Her first thought was that he might ruin his silly suit and what a blessing that would be. But then she realized he was going to give her something, and she experienced a lovely swelling of the heart.

“Oh, Charlie,” she said faintly as he took her hands in his.

The very act of going down on his knee must have been a sober-making one, because when he spoke it was without a trace of hiccups. “Astrid Donal, will you marry me?”

There was a little light from the house and the stars, but the ring he produced from his inside coat pocket glittered all on its own. It was a giant oval stone rising high on a swirling and very modern platinum setting. There were so many intricacies to the ring—all the other tiny sparkling stones that surrounded the big one, and the beautiful patterns on the band—that she almost wanted to excuse herself for a moment so that she could get a good look. But before she even had the chance to realize that that wouldn't really have been appropriate, the ring was on her finger, and he had risen back to his feet and picked her up in his strong arms.

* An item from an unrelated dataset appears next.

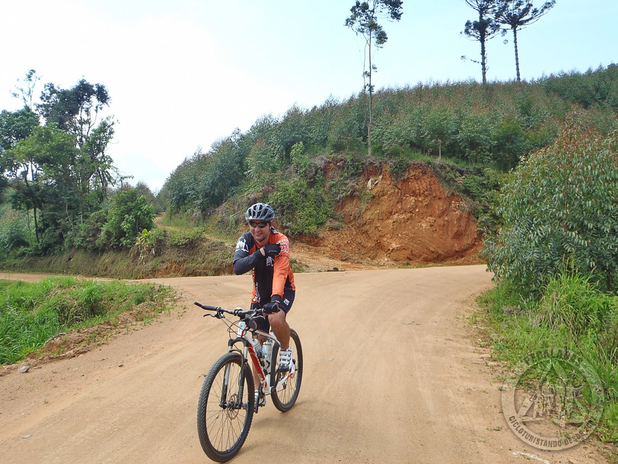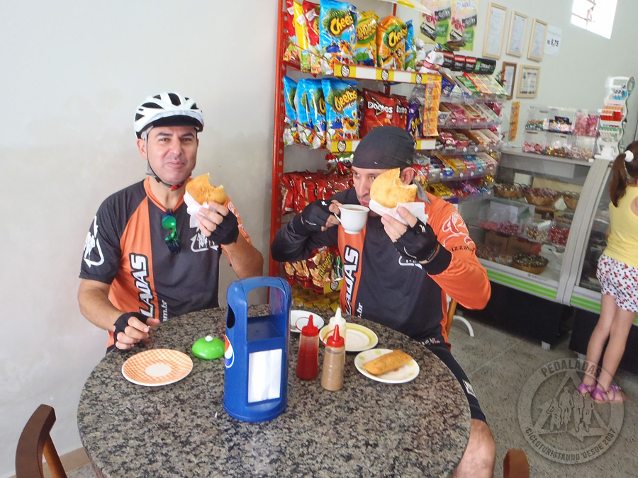 GPS ligado e funcionando com a rota bem definida, finalmente as canelas foram esticadas e a diversão começou. O tempo estava quente e desde o início vimos um Roberto silencioso. Maurício nos contou que na noite anterior ele havia tomado “umas duas” taças de vinho além da conta e por isso a inhaca da preguiça tomava conta do corpo dele. Na parte rural do município os morros finalmente chegaram e a temperatura do ambiente foi aumentando cada vez mais. Por sorte encontramos uma lanchonete que ajudou o Roberto na recuperação de suas devidas forças. Estava com sinais de pressão baixa e um tomate cortado em rodelas e sal foi a salvação do dia para ele e também para nós. Depois da simpatia a base de tomate - Roberto virou um galo jovial daquele que garganteia nas alvoradas com vigor infinito.
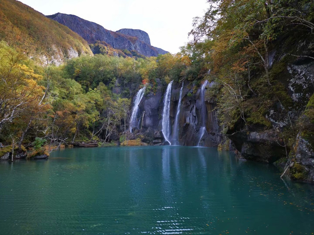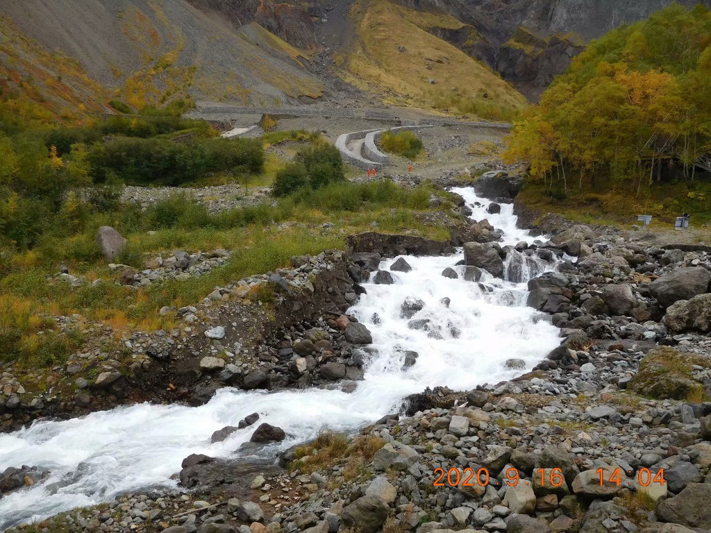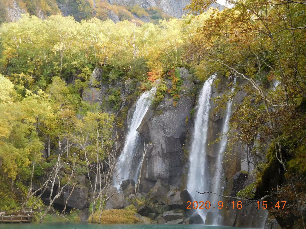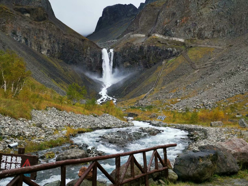 远远望去,在巍峨的高山上,悬挂下两条银白色的瀑布,激流跌落,一泄千丈。浪花飞溅,如雨似散,数里之外能闻其轰鸣之声。沿着蜿蜒的河流,我们向上追寻,沿途听到浪花拍打着岩石,在峡谷中发出了巨大的声响,就像是一条巨大的白龙,在山涧中舞动。这是天池水的出口,到目前为止,人们只找到了天池的出口,天池水的入口在哪里至今仍然是个谜。

“Oh, Charlie, oh, Charlie, oh, Charlie!” she exclaimed. “Oh, Charlie, we're going to be married! Really, actually, truly!”

“It's true!” he answered, his voice rising to a slightly lunatic pitch just as hers had.

She gave him three rapid kisses and then peered around his head to get a look at the beautiful piece of jewelry now adorning her finger. All of her body had become tingly and weightless. The dramas of the afternoon now seemed like nothing more than the exact path she'd had to take to arrive at this perfect place. She was almost grateful for the earlier disappointments, and in her gratitude and contentment she let out a sigh of sweet exhaustion.

“Oh,
Charlie
. It fits so perfectly. How did you know?”

He gave her a lopsided smile. “Never ask my methods, doll.”

Who would have thought that big, boyish Charlie would know how to do a thing like buy a girl just the right ring in just the right size? He was always buying her nice clothes, of course, but they were usually too big for her and then she had to have her maid take them in, and she suspected the taste of some salesgirl at Bergdorf's was behind most of these gifts, anyway. That he had done everything right for this far more crucial purchase made her wonder if she'd underestimated him all afternoon—and to think how little her mother knew. There was no way a woman with such a black heart could understand a thing like the love between her and Charlie, as he'd just helped her prove. The only way the moment could have been more perfect was if her mother had been there to see how utterly wrong she'd been.